• What to work on
Word for word, copy the entire listing below, but do not carry over any pictures.

• Dataset extract
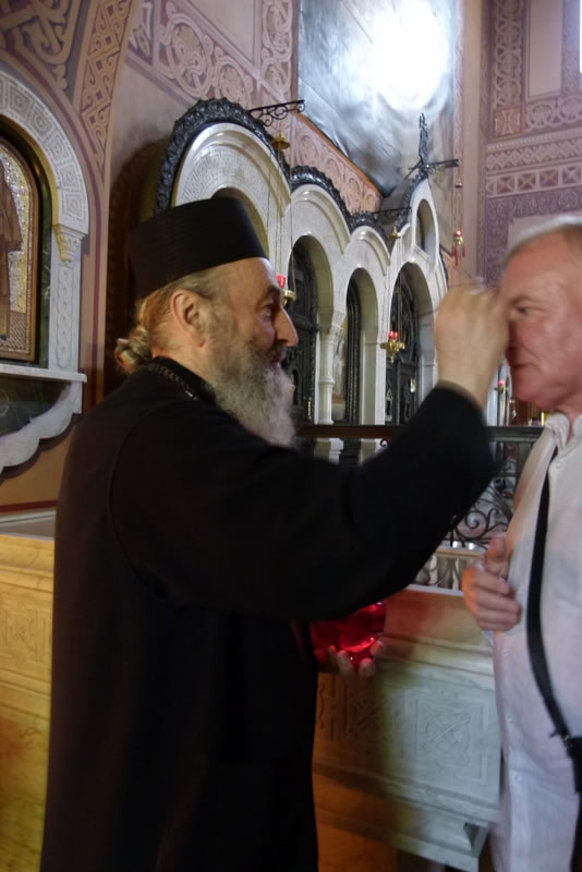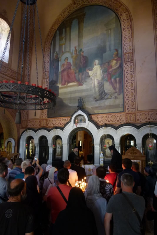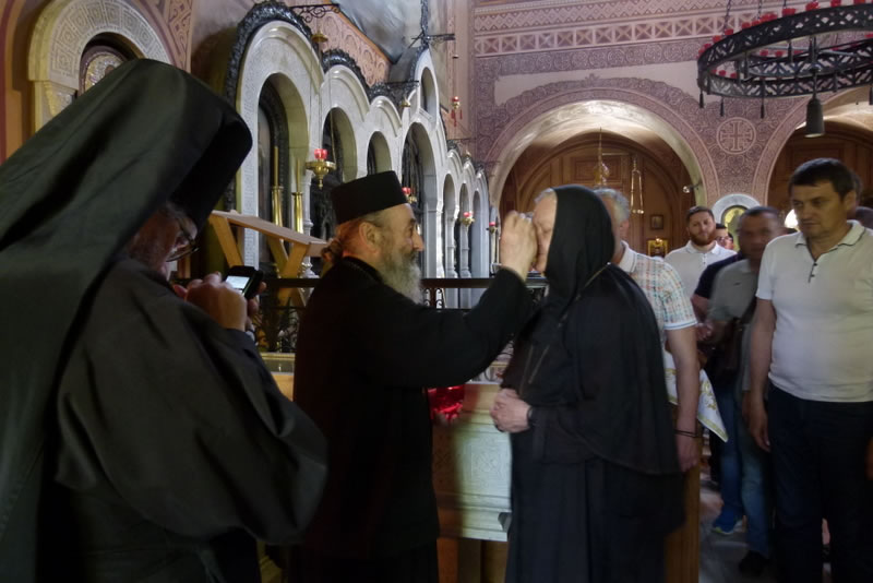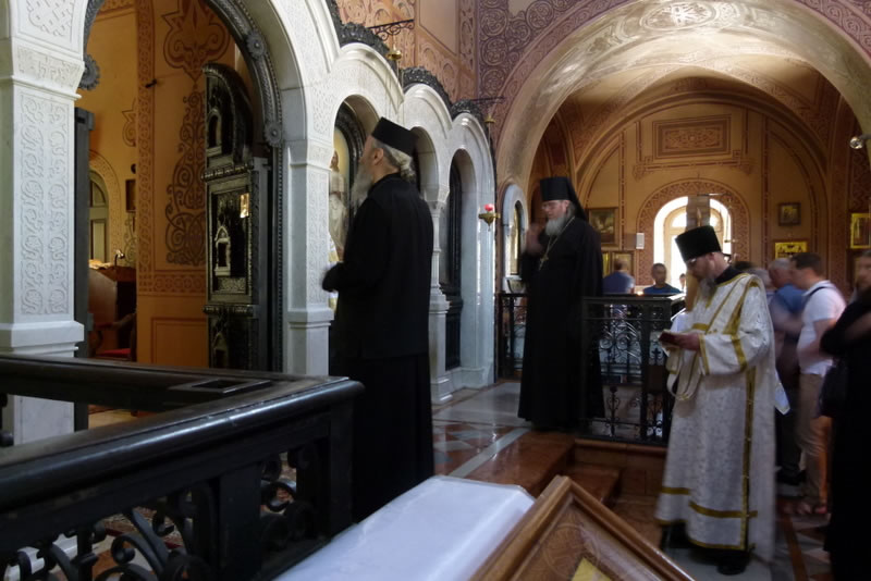 The Primate of the Ukrainian Orthodox Church expressed his profound gratitude for the prayers and support, wishing the monastics patience and heavenly aid in their difficult labors in the Holy Land. As they venerated the relics of Holy Grand Duchess Elizabeth and Nun Barbara, His Eminence anointed his fellow-travelers with oil from the lampadas which perpetually burn at their reliquary.
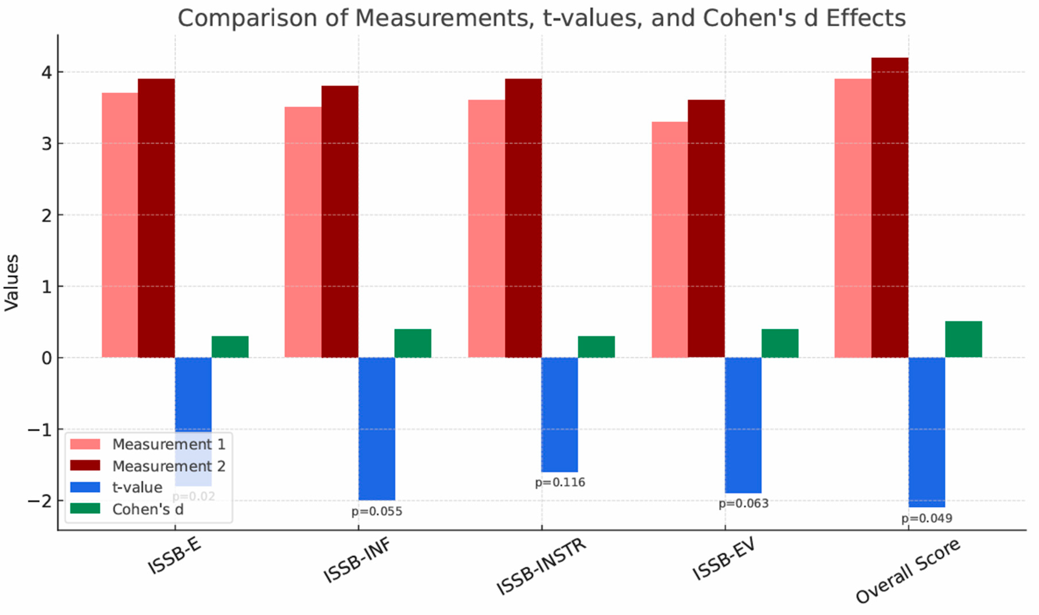p = 0.016, d = −0.618) has the largest effect size, meaning that the difference between pre- and post-study scores is not only significant but also has a medium effect size.
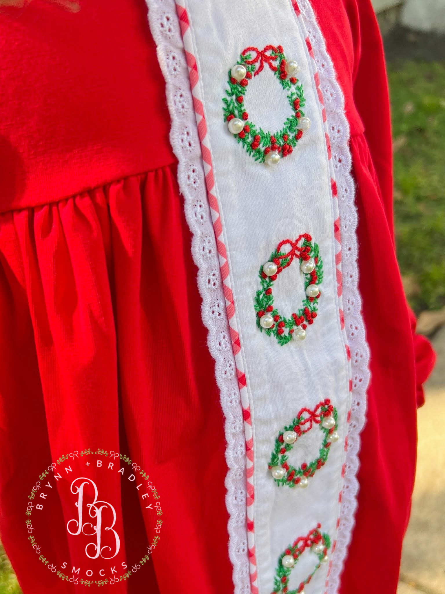 Solid + Gingham Knit Cotton with Lace Trim, Hand Embroidered Wreaths and 3D pearls!
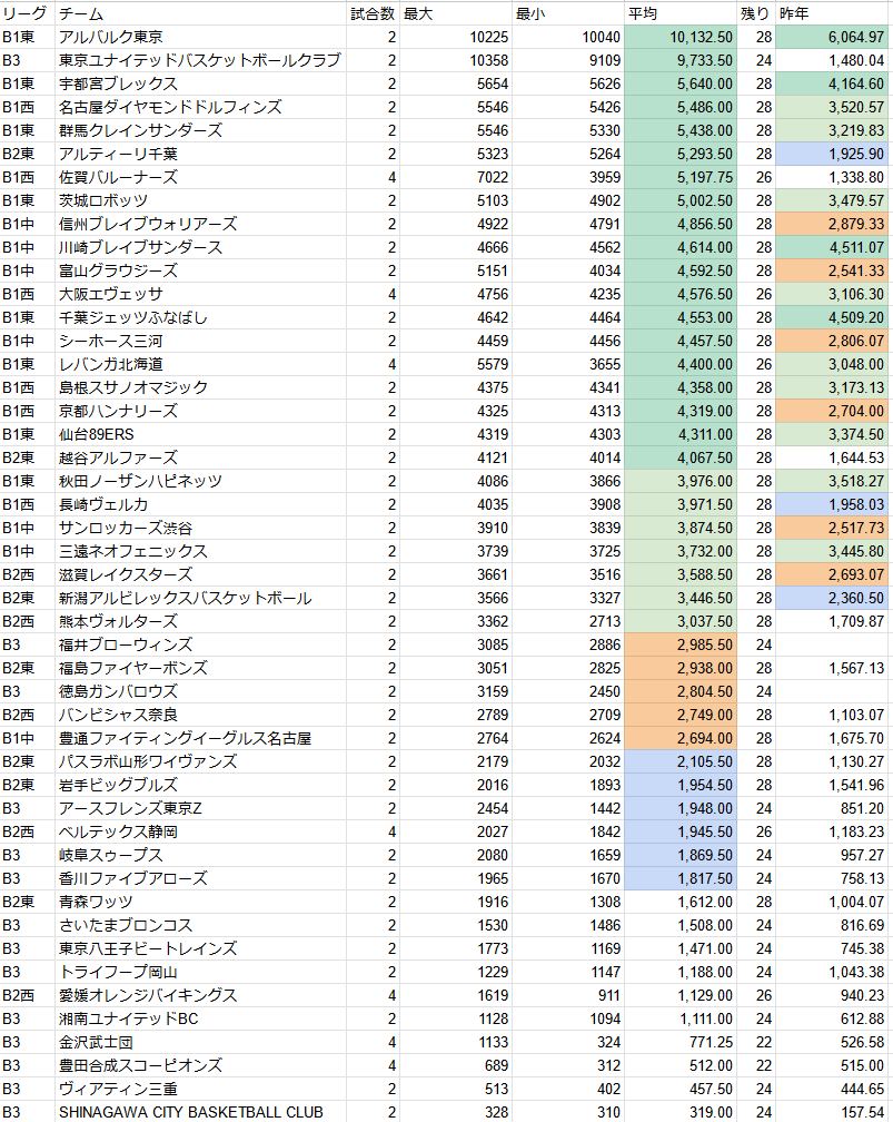上記表は、ホーム開催があったチーム。琉球、広島、横浜BC、神戸、福岡、鹿児島、横浜EX、山口、立川はまだ開催無し。

• Reply
 The Primate of the Ukrainian Orthodox Church expressed his profound gratitude for the prayers and support, wishing the monastics patience and heavenly aid in their difficult labors in the Holy Land. As they venerated the relics of Holy Grand Duchess Elizabeth and Nun Barbara, His Eminence anointed his fellow-travelers with oil from the lampadas which perpetually burn at their reliquary.
p = 0.016, d = −0.618) has the largest effect size, meaning that the difference between pre- and post-study scores is not only significant but also has a medium effect size.
 Solid + Gingham Knit Cotton with Lace Trim, Hand Embroidered Wreaths and 3D pearls!
上記表は、ホーム開催があったチーム。琉球、広島、横浜BC、神戸、福岡、鹿児島、横浜EX、山口、立川はまだ開催無し。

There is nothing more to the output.